This writes calibration.json next to the final/ directory.


## Run on Modal

Run data prep and training on Modal with persistent storage and optional GPU.

Prerequisites:
- Install CLI: `pip install modal`
- Authenticate: `modal token new`

Quick start (baseline model):
- Create a Volume for raw training texts and upload files:
  - `modal volume create writing7-training`
  - `modal volume put writing7-training training`
- Prepare datasets from the training Volume:
  - `modal run modal_app.py::prepare`  # reads from /input/training (writing7-training)
- Train on CPU:
  - `modal run modal_app.py::train -- --model roberta-base --epochs 3`
- Train on GPU (recommended):
  - `modal run modal_app.py::train_gpu -- --model roberta-base --epochs 3`
- Pipeline (prepare → CPU train):
  - `modal run modal_app.py::pipeline -- --model roberta-base`

Contrastive model:
- CPU: `modal run modal_app.py::train_contrastive -- --model roberta-base --epochs 3`
- GPU: `modal run modal_app.py::train_contrastive_gpu -- --model roberta-base --epochs 3`
 - Calibrate: `modal run modal_app.py::calibrate_contrastive -- --model-dir /vol/models/book_matcher_contrastive/final --calibrate-for f1 --target-acc 0.85 --target-recall 0.80`

Details:
- Raw input Volume: `writing7-training` mounted at `/input` (contains your `.txt` books)
- Artifact Volume: `writing7-artifacts` mounted at `/vol`
  - Datasets: `/vol/data/processed`
  - Models/logs: `/vol/models/...`
  - HF cache: `/vol/hf`
- The image bakes this repo at `/workspace` and attempts to download spaCy `en_core_web_sm`; if unavailable, code falls back to a simple splitter.

Data flow:
- `prepare` reads raw `.txt` files from `/input`, writes processed datasets to `/vol/data/processed`.
- `train` and `train_*` read datasets from `/vol/data/processed` and write models to `/vol/models/...`.

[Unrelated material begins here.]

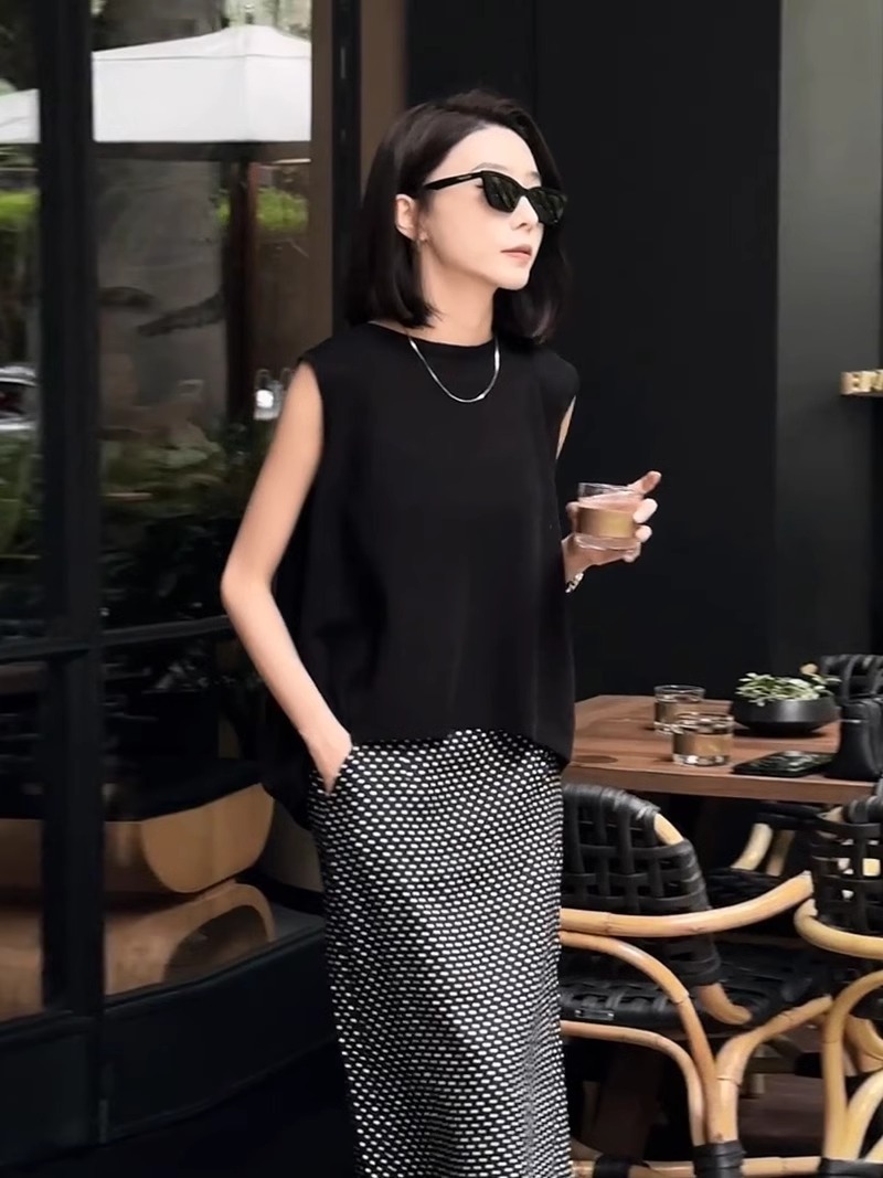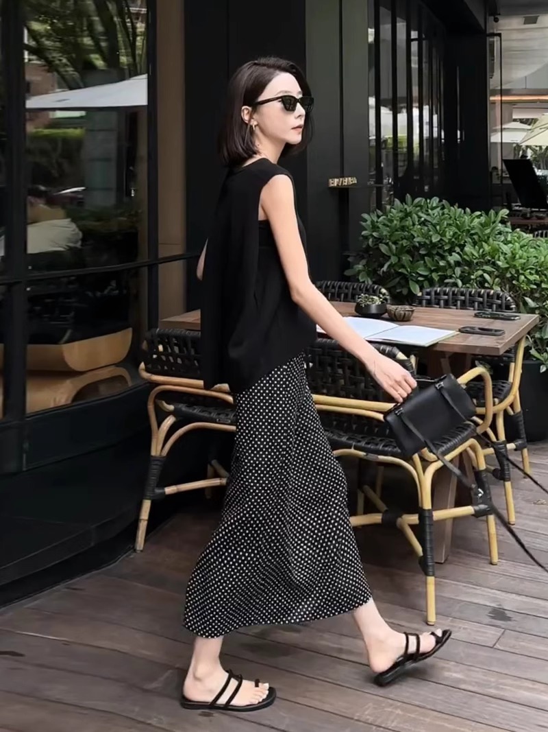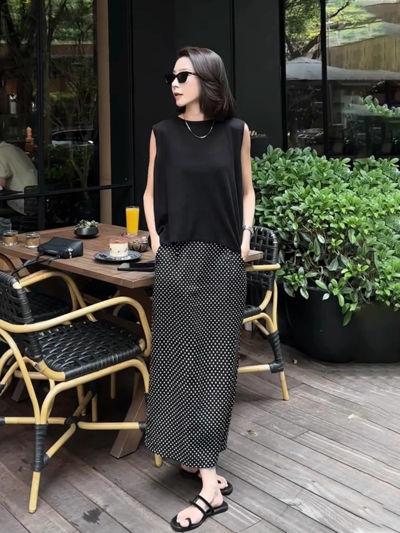 不規則下擺 黑色無袖上衣 | 開叉波點半鬆緊半裙 | 鹽系輕熟套裝

Deploy and call (optional):
- `modal deploy modal_app.py`
- Then:
  - `modal call writing7.prepare --training-dir training`
  - `modal call writing7.train --model roberta-base`
  - `modal call writing7.train_gpu --model roberta-base`
  - `modal call writing7.train_contrastive --model roberta-base`
  - `modal call writing7.train_contrastive_gpu --model roberta-base`

GPU guidance:
- Use GPU for any substantial training run (T4 default). CPU is fine for smoke tests or tiny datasets.

## Model Architecture

### Standard Classifier

- **Base Model**: RoBERTa-base (12-layer transformer)
- **Task**: Binary sequence classification
- **Input**: Two text chunks (concatenated with special tokens)
- **Output**: Probability that chunks are from the same book

### Contrastive Model (Recommended)

- **Architecture**: Siamese twin encoders (shared RoBERTa weights)
- **Features**:
  - Embeddings: Mean-pooled RoBERTa hidden states
  - Style features: Type-token ratio, sentence length, punctuation frequency, formality
  - Concatenation: Embeddings + style features → classifier
- **Loss**: Classification loss + contrastive loss (10% weight)
- **Context**: 512 tokens per text

## Evaluation

## Publish Trained Models to Hugging Face

You already have the trained checkpoints; publish them so anyone can run the benchmark with your scorer.

What to publish (from this repo):
- Contrastive matcher (recommended metric): `models/book_matcher_contrastive/final` plus sibling files `calibration.json` and optional `style_calibration.json`.
- Cross‑encoder baseline (optional): `models/book_matcher/final`.

Two recommended model repos on the Hub (replace `your-org`):
- `your-org/writing7-book-matcher-contrastive-v1` → upload the entire folder `models/book_matcher_contrastive/` so that the repo root contains `final/`, `calibration.json`, and (optionally) `style_calibration.json`.
- `your-org/writing7-book-matcher-cross-encoder-v1` → upload the folder `models/book_matcher/` so that the repo root contains `final/`.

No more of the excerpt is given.